The time dependent heating is configured in a separate node. It includes the following parameters,

Parameter	Type	Description
partition	`float`	partition of heating between electrons and ions, between 0 and 1; 1 is pure electron heating, 0 pure ion heating
background	`float`	constant background heating (in ergs cm $^{-3}$ s $^{-1}$ )

The heating function is constructed by a list of discrete events and should be specified in the following way,

<events>
  <event magnitude="0.1" rise_start="0.0" rise_end="50.0" decay_start="50.0" decay_end="100.0"/>
  <event magnitude="0.05" rise_start="1000.0" rise_end="1250.0" decay_start="1350.0" decay_end="1450.0"/>
</events>

Here, we've configured two separate heating events. The first starts at 0 seconds, rises linearly to a maximum heating rate of 0.1 erg cm $^{-3}$ s $^{-1}$ in 50 seconds, and then immediately falls off with the event concluding at 100 seconds, i.e. a triangular heating profile.

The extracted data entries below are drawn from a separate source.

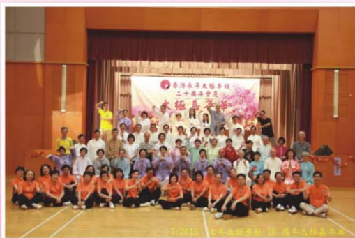
2015年7月1日太極班學員參加交流活動
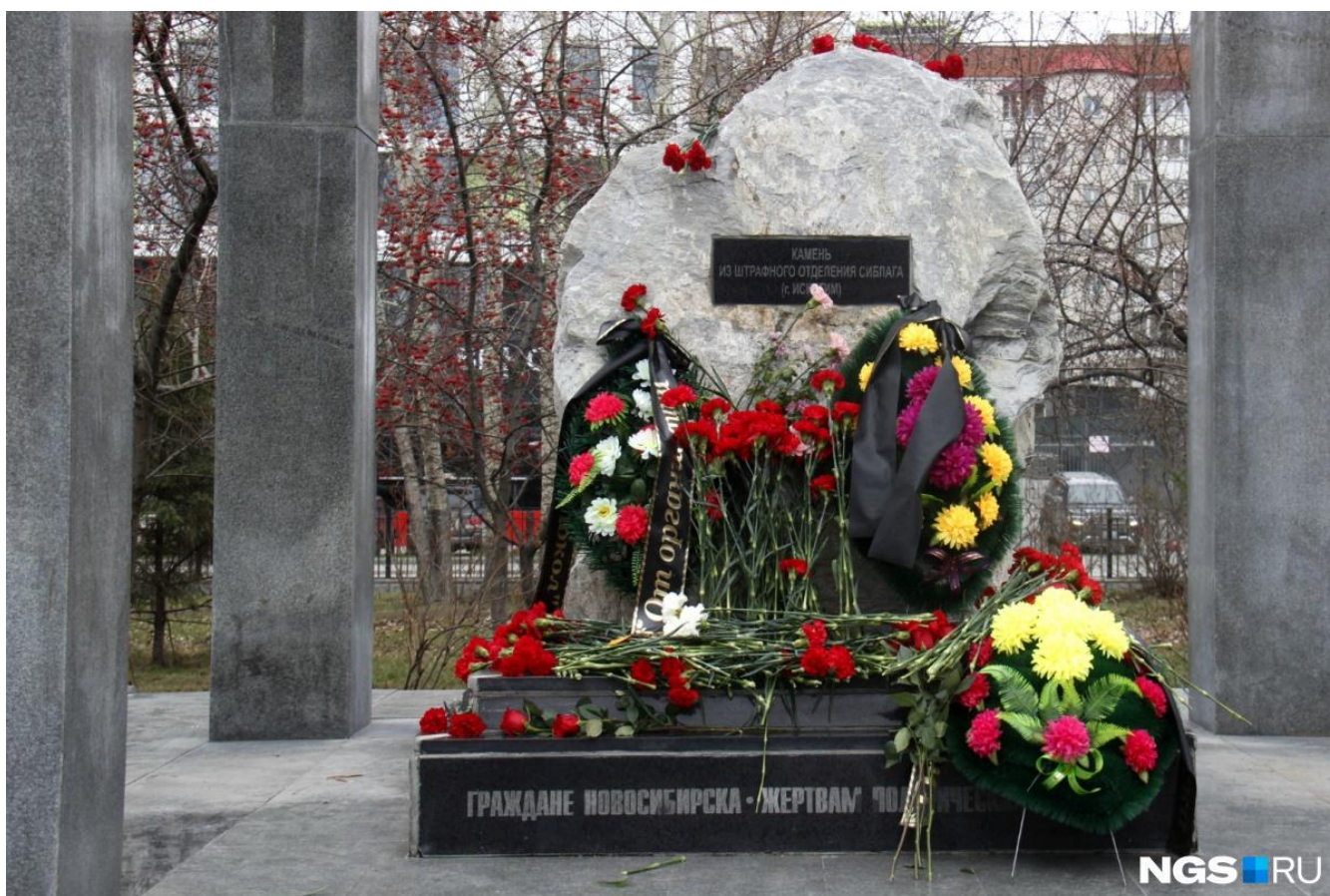
Памятник жертвам политических репрессий в Нарымском сквере, на заднем фоне видна высотка, выросшая на месте тюрьмы
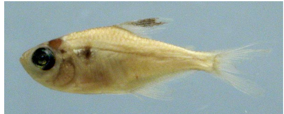
CHARACIDAE - Hyphessobrycon eques (juvenil) FMNH-106310
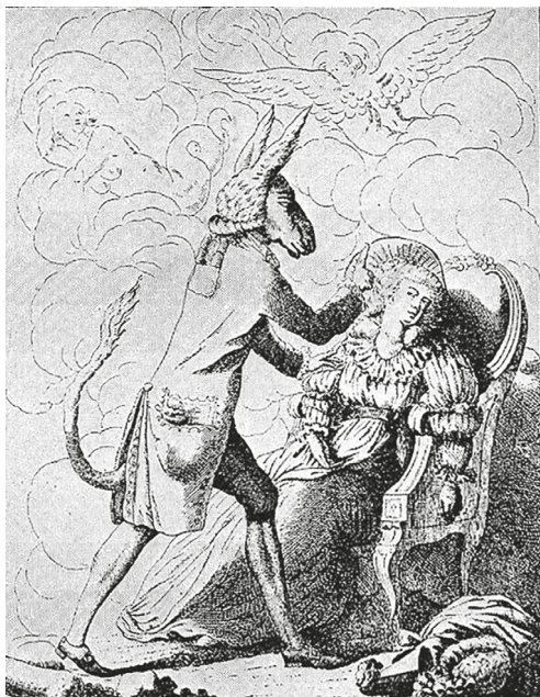
Рис. 5. Неизвестный автор. Волшебный па- лец, или Животный магнетизм. 1784. Гравюра. Музей «Коллекция Велкома», Лондон.
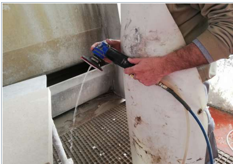
Pulidora portátil: aporte agua [INVASSAT]

Emplear sistemas de corte o pulido a baja velocidad.

The second starts at 1000 seconds, rises to a maximum heating rate of 0.05 erg cm $^{-3}$ s $^{-1}$ in 250 seconds, is sustained at 0.05 for 100 seconds and then the event concludes at 1450 seconds.

Using this format, it is easy to specify either symmetric or asymmetric events of many different shapes. For more examples, see the example configuration file or the included examples.

Differential Emission Measure

Optionally, ebtel++ can can also calculate the differential emission measure (DEM) in both the transition region and the corona. See sections 2.2 and 3 of Klimchuk et al. (2008) for the details of this calculation. To enable this calculation, set calculate_dem to True in the configuration file (as described above). Note that this will result in much longer computation times.

If calculate_dem is set to True, ebtel++ will read in the dem node from the configuration file which should be structured as follows,

<dem>
  <use_new_method>True</use_new_method>
  <temperature bins="451" log_min="4" log_max="8.5"/>
</dem>

If use_new_method is set to True (False), the transition region DEM is calculated using the method outlined in section 3 (the appendix) of Klimchuk et al. (2008). The temperature node configures the range and number of bins used when calculating the DEM. Here, for example, there are 450 bins of equal width between $10^4$ and $10^{8.5}$ K.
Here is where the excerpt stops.